What to produce: Copy out the entries below exactly as they stand, but only from the line containing "JADAU KUNDAN WHITE" through the line containing "ヴィンテージのクロスにイニシャル刺繍が可愛いニットバッグ".

Data section:
____________________
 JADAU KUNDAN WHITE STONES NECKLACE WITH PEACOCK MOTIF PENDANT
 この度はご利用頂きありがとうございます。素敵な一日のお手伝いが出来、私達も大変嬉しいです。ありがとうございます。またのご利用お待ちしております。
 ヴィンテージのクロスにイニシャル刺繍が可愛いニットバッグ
____________________
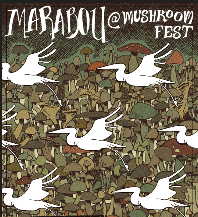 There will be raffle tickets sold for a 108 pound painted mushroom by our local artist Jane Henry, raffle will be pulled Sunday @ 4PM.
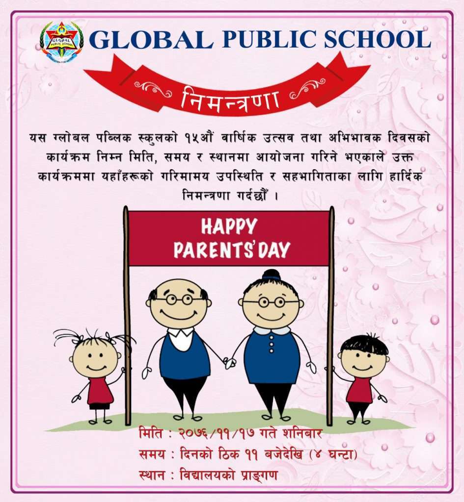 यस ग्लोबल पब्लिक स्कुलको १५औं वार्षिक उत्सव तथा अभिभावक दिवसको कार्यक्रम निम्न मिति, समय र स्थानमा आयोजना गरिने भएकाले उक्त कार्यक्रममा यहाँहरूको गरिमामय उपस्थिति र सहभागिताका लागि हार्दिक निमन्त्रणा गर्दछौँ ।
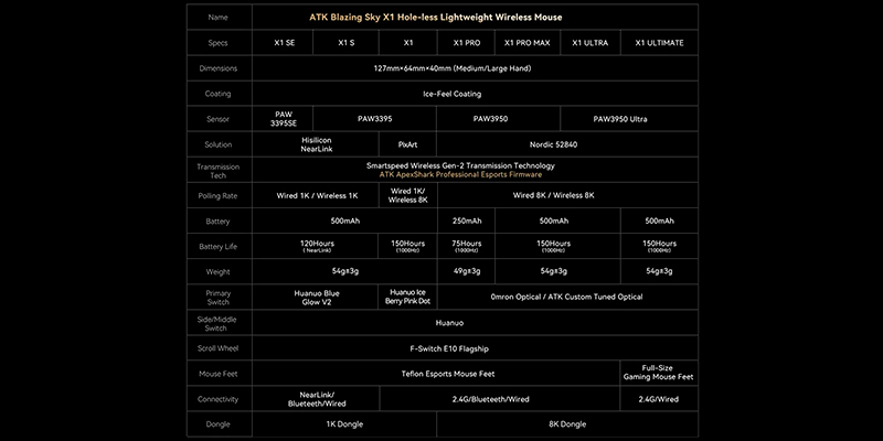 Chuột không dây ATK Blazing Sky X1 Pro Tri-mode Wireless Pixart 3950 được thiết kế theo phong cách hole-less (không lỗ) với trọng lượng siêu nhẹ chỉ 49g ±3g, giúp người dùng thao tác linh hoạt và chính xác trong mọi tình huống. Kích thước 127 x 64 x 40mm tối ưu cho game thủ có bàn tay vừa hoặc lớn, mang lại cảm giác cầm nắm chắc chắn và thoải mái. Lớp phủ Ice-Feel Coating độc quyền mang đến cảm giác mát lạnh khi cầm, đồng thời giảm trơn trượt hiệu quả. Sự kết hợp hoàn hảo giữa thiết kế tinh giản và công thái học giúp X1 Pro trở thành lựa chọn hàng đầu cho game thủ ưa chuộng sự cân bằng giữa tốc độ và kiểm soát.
____________________
Answer to this exercise:
 JADAU KUNDAN WHITE STONES NECKLACE WITH PEACOCK MOTIF PENDANT
 この度はご利用頂きありがとうございます。素敵な一日のお手伝いが出来、私達も大変嬉しいです。ありがとうございます。またのご利用お待ちしております。
 ヴィンテージのクロスにイニシャル刺繍が可愛いニットバッグ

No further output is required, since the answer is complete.